_Aim of the exercise_:
All of the lines below need to be copied exactly, apart from the pictures.

_Exercise data_:
● ● ● ● ●

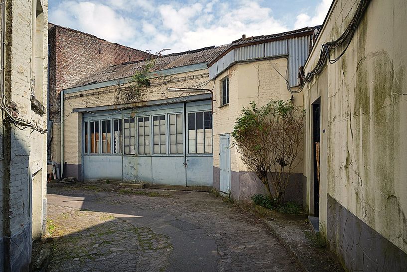 Une petite cour à Gand, avec des bâtiments vétustes, des murs écaillés et un passage étroit entre eux. Il y règne une atmosphère calme et déserte.
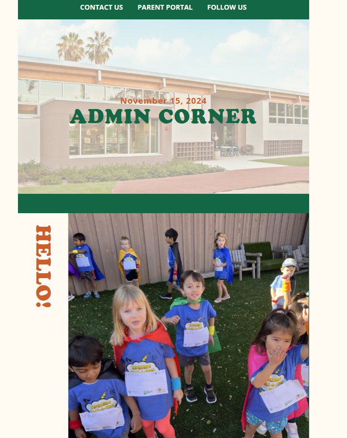 Please let Susan at susank@countrymontessori.org know if you would like to sign up. Full-day $50. Please note that arrival times remain the same, with 7:30-8:30 being the window for drop off. Due to scheduling and staffing – drop in’s are not allowed. Deadline to sign up: Wednesday, November 20th.
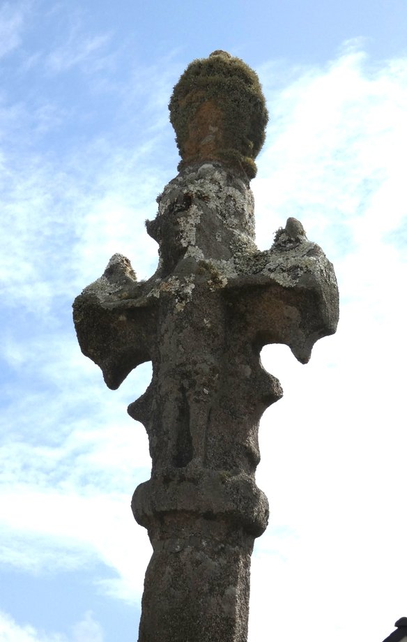 8. Lanvily + k. 4,10 m. 1716. Soubassement. Degré. Socle: M. LATREILLE. 1891. (restauration). Fût à pans, masque, bague. Croisillon mouluré à culots, sans personnages : M. LATREIL 1716. Croix à branches rondes, fleurons-boules, crucifix. Restauration par anneaux de fer. [YPC 1980]

● ● ● ● ●

_Response area_:
 Une petite cour à Gand, avec des bâtiments vétustes, des murs écaillés et un passage étroit entre eux. Il y règne une atmosphère calme et déserte.
 Please let Susan at susank@countrymontessori.org know if you would like to sign up. Full-day $50. Please note that arrival times remain the same, with 7:30-8:30 being the window for drop off. Due to scheduling and staffing – drop in’s are not allowed. Deadline to sign up: Wednesday, November 20th.
 8. Lanvily + k. 4,10 m. 1716. Soubassement. Degré. Socle: M. LATREILLE. 1891. (restauration). Fût à pans, masque, bague. Croisillon mouluré à culots, sans personnages : M. LATREIL 1716. Croix à branches rondes, fleurons-boules, crucifix. Restauration par anneaux de fer. [YPC 1980]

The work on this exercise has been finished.